The outcomes of medical treatment arouse political and public interest around the world. In the United States the departments of health in New York, New Jersey, and Pennsylvania publish cardiac surgical results that are specific to surgeons and hospitals. The New York initiative, which broke new ground, provides robust risk stratified data, and identifies surgeons and hospitals with better or worse outcomes than the state average.1 However, it lumps all coronary artery bypass graft operations together, uses only mortality as an outcome measure, and takes three years to produce by which time the results are not of much use to patients to make a choice.
Is mortality a good indicator of outcome? Mortality is defined by the Society of Cardiothoracic Surgeons in the United Kingdom as death in the hospital where surgery is done, during the same admission.2 This excludes deaths in patients who have been discharged to peripheral hospitals or rehabilitation facilities. The definition of mortality could be improved to include these deaths as is done in New York, but systems in the United Kingdom are unable to capture these deaths consistently. Mortality after coronary artery bypass graft surgery is low (1-3%), and is therefore a poor measure for differentiating between surgeons. Advances in anaesthetics and intensive care can prevent mortality even when the operation has been imprecise. Postoperative morbidity, however, cannot be prevented and is a better indicator of quality.
Coronary artery bypass graft surgery is not a homogeneous operation. Most patients require three bypass grafts, and the standard operation is done with a single internal mammary artery and two vein grafts by using cardiopulmonary bypass. Depending on the experience and preference of the surgeon the operation may be done with or without using cardiopulmonary bypass, and one, two, or more arterial conduits may be used. The off-pump approach has been shown to decrease morbidity.3,4 The use of arterial conduits is associated with a decreased incidence of long term cardiac events.5,6 Reliable figures for the number of operations done off-pump in the United Kingdom are not available. Despite evidence supporting the use of arterial conduits, fewer than 20% of patients receive two or more arterial grafts in the United Kingdom.2 The use of these techniques, however, increases the complexity of the operation, reduces the margin for error, and can increase morbidity in inexperienced hands.
In this issue Bridgewater et al report on the practice of newly appointed surgeons in the first four years of independent practice.7 They find that mortality in patients operated by this group of surgeons is not higher than that in those operated on by their more experienced colleagues.
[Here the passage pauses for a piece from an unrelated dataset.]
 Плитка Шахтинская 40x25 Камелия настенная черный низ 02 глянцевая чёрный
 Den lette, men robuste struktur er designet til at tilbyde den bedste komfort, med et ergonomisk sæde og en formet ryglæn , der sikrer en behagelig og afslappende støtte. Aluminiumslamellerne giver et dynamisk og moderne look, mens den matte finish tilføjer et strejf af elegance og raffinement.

Moreover, in the first four years of practice, mortality outcomes adjusted for risk improved. “Practice makes perfect” is easy to understand and could explain the improvement of performance over the first four years. However, this would also mean that more experienced surgeons should have better results.
What might explain this discrepancy? Possibly mortality figures will not improve beyond a certain limit, and that limit is reached by year four. The system used by Bridgewater, EuroSCORE, has limitations, and referring doctors could be diverting high risk patients to more experienced surgeons. Moreover, experienced surgeons are more likely to train junior surgeons, this could possibly have an impact on results. Like most of the reports in the non-specialist literature, this paper does not take into account the variations in coronary artery bypass graft operations (off-pump or on-pump, number of arterial conduits used) and uses only mortality as the outcome measure. These limitations aside, the paper highlights that newly appointed surgeons are able to deliver extraordinarily good results, especially for low risk patients.
In another paper in this issue Keogh et al explain the background to public reporting of cardiac surgical outcomes in the United Kingdom.8 The Society of Cardiothoracic Surgeons has been collecting surgeon specific activity and mortality data since 1996. These raw data are not stratified according to risk. Using 99.99% confidence intervals broadens the acceptable range considerably, but this is a sensible first step as it ensures that surgeons who operate on high risk patients are not penalised. Keogh et al rightly say that this initiative can help to reassure us about patients' safety but cannot help patients to make a choice. Then what can?
What is the purpose of coronary artery bypass graft surgery? It provides symptomatic relief to and improves the quality of life of patients with coronary artery disease, and it can increase survival in certain anatomical patterns of disease. The ideal test of a good operation would be long term survival benefit and improvement in quality of life. However, these markers are unlikely to be measured for individual surgeons and hospitals in a way that can help produce relevant and timely reports. The proportion of patients receiving multiple arterial conduits could be used as a surrogate marker for long term superior outcomes.
In the future cardiac surgical outcomes must be risk stratified and include mortality and postoperative morbidity as outcome measures. Reports should include the number of operations performed with and without the off-pump technique and the number of patients receiving multiple arterial conduits. Keogh et al question whether publishing a list of names is important. Perhaps not in its current form, as shown in figure 1 in the article by Keogh et al, but preparing a report card with the details suggested here will act as a spur like no other to improve the quality of coronary artery bypass graft in the United Kingdom.